While Spencer warns that acquiring Nintendo would be “hostile action” but “playing the long game”, the unprecedented corporate convergence is shockingly casual. He added: “Nintendo is taking a long time to realize their future is off their hardware. A long time… He even ended the chat with a smiling emoji to make it look more evil.
Spencer claims that Warner Bros Interactive was “gettable” when Microsoft was rumored to acquire it. He adds that “we wouldn’t own any of the IP which hurts long-term flexibility”. Because most Warner Bros Interactive developers work on franchises like Batman, Harry Potter, and others, the studios are worth little without the brands.

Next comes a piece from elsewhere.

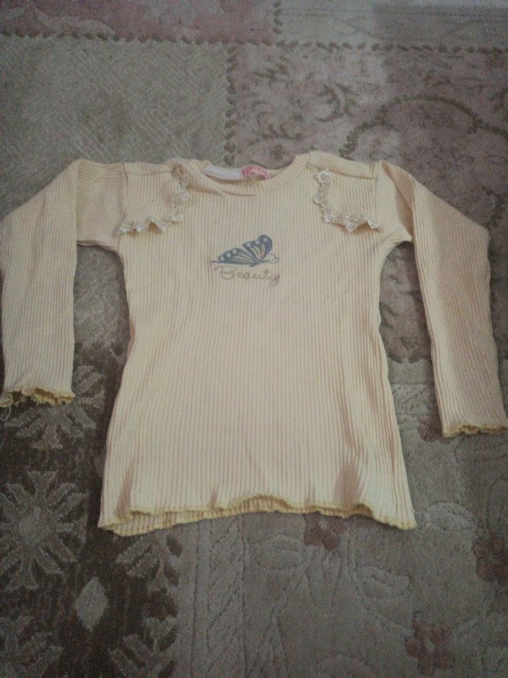 Bej renkli, uzun kollu, triko kumaştan yapılmış kız çocuk bluzu. Vücuda oturan kesimi, bisiklet yaka ve zarif örme detaylarıyla dikkat çeker. Önde kelebek ve "Beauty" yazısı bulunur.

The email is over three years old, but it reveals Microsoft’s blasé approach to acquisitions and its goals. While its eventual acquisition of Activision Blizzard may have changed its plans, this leaked exchange suggests that Microsoft will not stop until it has absorbed as much of the industry as possible, even targeting Nintendo.
Stig Asmussen Leaving Respawn for Galaxies Unknown
Jedi: Fallen Order and Jedi: Survivor director Stig Asmussen is leaving Respawn Entertainment for unknown reasons. Asmussen had planned a trilogy for Cal Kestis, but it appears another author will need to write it.
Bloomberg reports that an EA spokesperson said: “Stig Asmussen has left Respawn to pursue other adventures, and we wish him the best. Veteran Respawn leaders will lead Star Wars Jedi: Survivor.”
This move is surprising, but Asmussen leaves on a high note. Jedi: Survivor is a great game despite its performance issues, which is rare for a Star Wars game. We’ll see where Asmussen goes, but we’re excited.